= James C. Logan =

American fraternity leader (1914–1997)

James C. Logan (January 5, 1914 – February 29, 1997) was a prominent Kansas City area attorney and a national president and expansion leader of Tau Kappa Epsilon fraternity.

==Early life and education==
James C. Logan born January 5, 1914, to Mr. and Mrs. James Montgomery Logan. He earned his A.B. degree in psychology from Baker University in 1933, where he was a member of the Zeta Chi fraternity. Zeta Chi is the oldest independent fraternity west of the Mississippi River. At Baker, Logan was also Junior class president and a varsity debater. In 1936, Logan graduated from Washington University in St. Louis with a LL. B. degree. While he was a student at Washington University, he was initiated into the Xi chapter of Tau Kappa Epsilon. Logan earned a Ph.D. degree from the University of Kansas.

==Fraternity leadership==
After graduating from Washington University, Logan returned to Kansas City where he remained actively involved with Tau Kappa Epsilon in regional affairs. He served in the position of Kansas-Nebraska Province Hegemon, and between 1939-1941 he played a key role establishing the Eta Colony of TKE at the University of Kansas and the Chi Beta Colony of TKE at the University of Missouri.

From 1945-47, Logan served his first term on the Grand Council of Tau Kappa Epsilon, as Grand Pylortes. In 1951, the position of Grand Hegemon was created, and Logan was elected to fill the new position. He was elected the 19th Grand Prytanis (national president) at the 27th Conclave in 1953 in Des Moines, Iowa. Logan was re-elected Grand Prytanis at the 28th Conclave, which was held at the Hotel President and Municipal Auditorium in Kansas City, Missouri. During his two terms in office, 44 new chapters were installed, and a national housing fund was established to provide loans to undergraduate chapters for the construction and purchase of fraternity houses. Logan also wrote the first fraternity textbook on chapter rushing entitled "Rushing Tips."
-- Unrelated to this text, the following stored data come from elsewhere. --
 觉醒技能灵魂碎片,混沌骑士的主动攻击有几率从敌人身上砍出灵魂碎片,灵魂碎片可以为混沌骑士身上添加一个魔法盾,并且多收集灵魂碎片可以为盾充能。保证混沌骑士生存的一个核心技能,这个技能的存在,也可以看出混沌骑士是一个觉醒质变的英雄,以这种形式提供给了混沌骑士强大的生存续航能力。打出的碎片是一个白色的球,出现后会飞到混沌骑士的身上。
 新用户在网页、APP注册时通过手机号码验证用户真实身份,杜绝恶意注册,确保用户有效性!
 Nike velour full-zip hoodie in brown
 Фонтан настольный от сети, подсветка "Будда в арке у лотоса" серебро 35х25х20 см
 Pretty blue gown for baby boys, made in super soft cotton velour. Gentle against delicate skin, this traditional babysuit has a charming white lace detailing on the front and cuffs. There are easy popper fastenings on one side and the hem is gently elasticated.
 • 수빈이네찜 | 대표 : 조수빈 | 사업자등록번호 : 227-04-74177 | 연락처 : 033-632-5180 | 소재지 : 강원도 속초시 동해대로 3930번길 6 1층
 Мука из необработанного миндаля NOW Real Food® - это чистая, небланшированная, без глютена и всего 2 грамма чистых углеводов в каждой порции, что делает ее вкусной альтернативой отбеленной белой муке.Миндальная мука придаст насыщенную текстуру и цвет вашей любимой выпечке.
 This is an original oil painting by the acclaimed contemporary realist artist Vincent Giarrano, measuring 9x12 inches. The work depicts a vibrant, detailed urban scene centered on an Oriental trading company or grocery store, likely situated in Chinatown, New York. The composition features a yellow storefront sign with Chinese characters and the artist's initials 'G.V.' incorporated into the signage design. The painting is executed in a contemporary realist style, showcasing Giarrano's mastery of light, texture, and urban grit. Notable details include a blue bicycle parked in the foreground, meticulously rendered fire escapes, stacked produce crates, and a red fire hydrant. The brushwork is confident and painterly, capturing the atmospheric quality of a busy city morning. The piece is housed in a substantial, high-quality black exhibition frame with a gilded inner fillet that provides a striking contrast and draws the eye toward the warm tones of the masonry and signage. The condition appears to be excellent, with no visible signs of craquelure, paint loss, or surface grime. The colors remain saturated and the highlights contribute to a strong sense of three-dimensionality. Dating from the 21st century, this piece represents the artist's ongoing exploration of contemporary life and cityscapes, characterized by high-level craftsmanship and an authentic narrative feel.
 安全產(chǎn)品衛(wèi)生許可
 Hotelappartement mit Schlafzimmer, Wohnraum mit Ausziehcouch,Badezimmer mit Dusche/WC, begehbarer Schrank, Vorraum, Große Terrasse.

James C. Logan was awarded the Order of the Golden Eagle Award in 1993. The Order of the Golden Eagle is the highest award given to a member of Tau Kappa Epsilon for service to the fraternity.

==Professional career==
James C. Logan was a prominent attorney in the Kansas City metro area. He was a partner at Watson, Ess, Marshall & Enggas in Kansas City, Missouri. He co-authored volumes 1, 1A, and 2 of Missouri Practice Methods, and an authored a number of leading law articles published in The Missouri Law Review, The Controller, and the Kansas City Bar Bulletin. In June 1955, Logan was honored by the Thomas Hart Benton chapter of Phi Alpha Delta national law fraternity for his service to the Kansas City legal community.

A man of strong political views, Logan was elected president of the Jackson County Young GOP Federation in 1938, and he was elected vice president of the Missouri Federation of Young Republic Clubs in 1939. Logan was also a licensed pilot and airplane owner. He was a member of the faculty of the American Aeronautical Institute in Kansas City, where he taught ground curriculum for the CPT program. He was also president of the American Flying Club.